Um limpador de palato, como a água
com gás, elimina ou minimiza o “acúmulo da sensação” durante várias degustações
e, assim, aumentaria a discriminação da adstringência entre as amostras. Outra
opção seria aumentar o intervalo de degustação entre amostras, mas ainda assim
não eliminaria a sensação residual.
Pesquisadores avaliaram
a utilização de diversos limpadores para aumentar a sensibilidade à
adstringência. Os resultados mostraram que o uso de água (mineral sem gás) ou
mesmo nada, como limpador de palato, facilitará a detecção de diferenças
sensoriais de adstringência.
Mas tem que ser água com gás?
Para muitas pessoas do público
geral mesmo ou especialistas não é necessário acompanhamento. Para outros,
beber água comum gelada tem um impacto superior do que água com gás antes ou
depois do café. Outros ainda recomendam água sem gás à temperatura ambiente.
O importante é a qualidade e o pH
da água, que deve estar entre 5,0 e 6,5. Por isso não se recomenda fazer ou
acompanhar o café com qualquer água, já que dificilmente se terá um controle
efetivo sobre essas variáveis. Por exemplo, a concentração de minerais e de
cloro e o pH da água da torneira impactam diretamente no “gosto da água” e,
portanto, interferem no sabor do café.
A Dra. Deliza explica que o café é
uma bebida ácida, que pode afetar adversamente o estômago e intestino. Por essa
razão, a água com gás alivia a indigestão e a irritação e, ao bebê-la, o
estômago recebe camada de proteção contra a acidez do café. E talvez essa seja
uma razão para as cafeterias oferecerem água com gás.

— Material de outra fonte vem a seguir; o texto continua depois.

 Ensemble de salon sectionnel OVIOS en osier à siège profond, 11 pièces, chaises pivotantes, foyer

O refinamento da experiência
Aos poucos, as cafeterias prezam
pelos detalhes que tornam o consumo do café mais refinado.
Dhalton, que também é
sócio-proprietário da cafeteria Aviva Cafés,
diz que vem percebendo que diversas cafeterias servem cafés de baixa qualidade
acompanhados por água gaseificada.
Ele afirma que isso se tornou um
padrão cultural, onde parte dos consumidores associam a qualidade do café
servido no local simplesmente pelo fato de ser acompanhado de água gaseificada,
ou mesmo para o próprio estabelecimento ser melhor conceituado. Em diversas
cafeterias especializadas em cafés de alta qualidade, é servido o café sem ser
acompanhado por água gaseificada, mas sempre está à disposição aos clientes que
solicitarem.
Alguns estudos demonstram que a utilização da água com gás para limpar o paladar durante a degustação de café é algo pouco efetivo sob o ponto de vista da ciência. Em termos de saudabilidade, a água com gás antes do café pode contribuir para amenizar a percepção da acidez do café pelo nosso organismo.

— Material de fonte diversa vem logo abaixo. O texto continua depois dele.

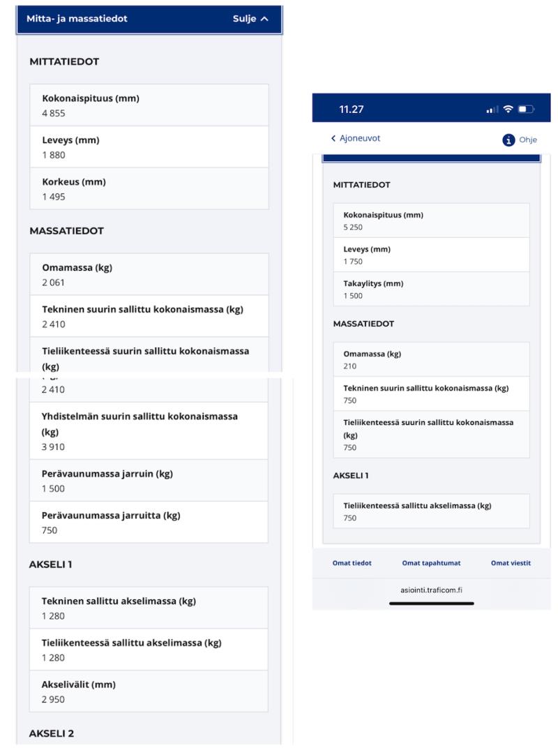 Otsikon kysymykseen on olemassa useampikin oikea vastaus. On se vastaus, mitkä vetomassat autolle on tyypitetty ja mitkä näkyvät Traficomin tiedoissa. Sitten on ajokorttini rajoitteet.

Quando se fala em hospitalidade e
experiência, nota-se que os clientes vêm como positiva a presença do copinho
com água gaseificada com o café, agregando inclusive valor à bebida.
No final, o que vale é a
preferência de cada apreciador, contanto que a água não interfira na
experiência de se tomar uma bela xícara de café.